MMO developers and publishers are coming under fire from New York based Paltalk Holdings who have filed a lawsuit for patent infringement.
According to an article on Boston.com, Paltalk Holdings is to challenge MMO developers including Turbine, SOE, NCSoft, Activision Blizzard and UK-based Jagex over patent infringment. Paltalk Holdings, which is a provider of software and technology for real-time, rich media, interactive social networking, is trying to protect two patents covering "methods for deploying interactive applications over hosted networks and group messaging servers." In other words, two computers connected to an online world that see and share content fall into this category, according to Paltalk.
The complaint has been filed at the District Court in Marshall Texas, the same location where Microsoft settled a case with Paltalk in 2006 over the same patents.

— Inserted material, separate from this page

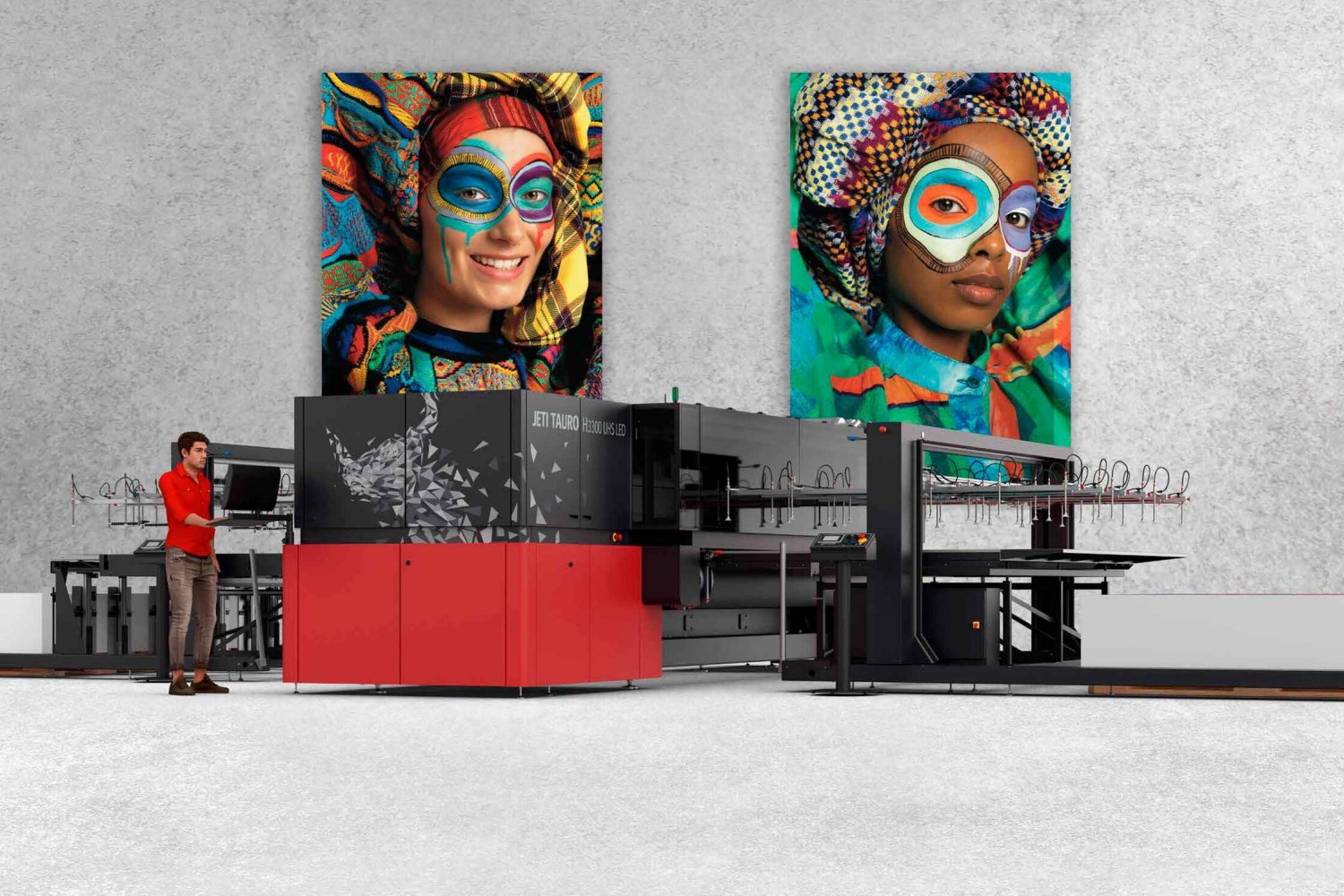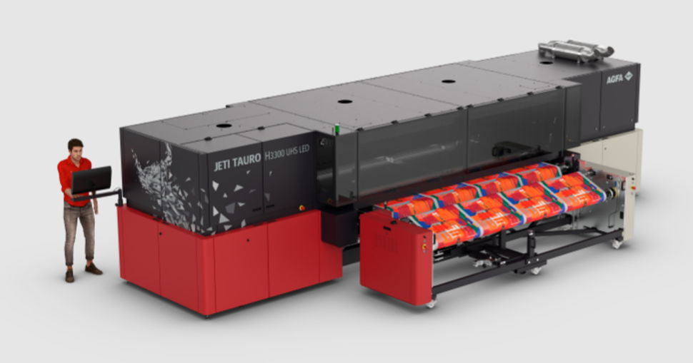 作為愛(ài)克發(fā)旗艦產(chǎn)品系列,Jeti Tauro系列的明星機(jī)型Jeti Tauro H3300 UHS也將同步亮相。該設(shè)備專(zhuān)為連續(xù)、大批量輸出設(shè)計(jì),配備先進(jìn)的自動(dòng)化選項(xiàng),是大型印刷服務(wù)提供商的理想解決方案。其最高打印速度可達(dá)905平方米/小時(shí),擁有8排打印頭,支持多種色彩配置,可根據(jù)需求選擇CMYK基礎(chǔ)色或增強(qiáng)暗色調(diào)的CCMYKKcK配置,還可可選白墨、底漆與光油,進(jìn)一步提升打印質(zhì)感與表現(xiàn)力。憑借板卷一體的設(shè)計(jì),Jeti Tauro H3300 UHS可靈活處理剛性與柔性介質(zhì),廣泛應(yīng)用于橫幅、海報(bào)、標(biāo)識(shí)、展覽圖形、包裝等多種場(chǎng)景,其堅(jiān)固耐用的結(jié)構(gòu)的與動(dòng)態(tài)擴(kuò)展真空區(qū),尤其適合紙板印刷,搭配MAX上料機(jī)與堆垛機(jī),可實(shí)現(xiàn)生產(chǎn)效率的最大化,被行業(yè)內(nèi)親切稱(chēng)為“性能猛獸”。

Paltalk had alleged that Microsoft had been infringing its patents with Halo 2 and Halo 3 on Xbox Live. On the fourth day of the trial, Microsoft conceded and settled out of court. Microsoft subsequently licensed the patents for an undisclosed sum.
Being that Microsoft settled out of court, Paltalk may have a chance of success. The MMO developers/publishers under fire may have to take a similar route to Microsoft and pay a licensing fee to get the case settled.
User comments
Even if one were to go with the whole not aware of their existence thing, which is hard to believe considering they're supposed to be part of the IT world.
Then you'd still run into the same issues with Ultima Online, EQ, Star Wars Galaxies etc. With especially SWG being notable as that was a joint venture with a movie/multimedia company, namely Lucas Arts.
This particular patent must have been very innovatively written (you couldn't SERIOUSLY suggest they came up with the idea of sharing content online!) to make MS back down.
Software patents are absurd and those registering them deserves the ninth circle of hell.
This whole thing is ridiculous and should have been thrown out of court. Also, Microsoft should have fought this until Paltalk went bankrupt from pursuing the issue, not set a precedent because they did not want to be bothered with it.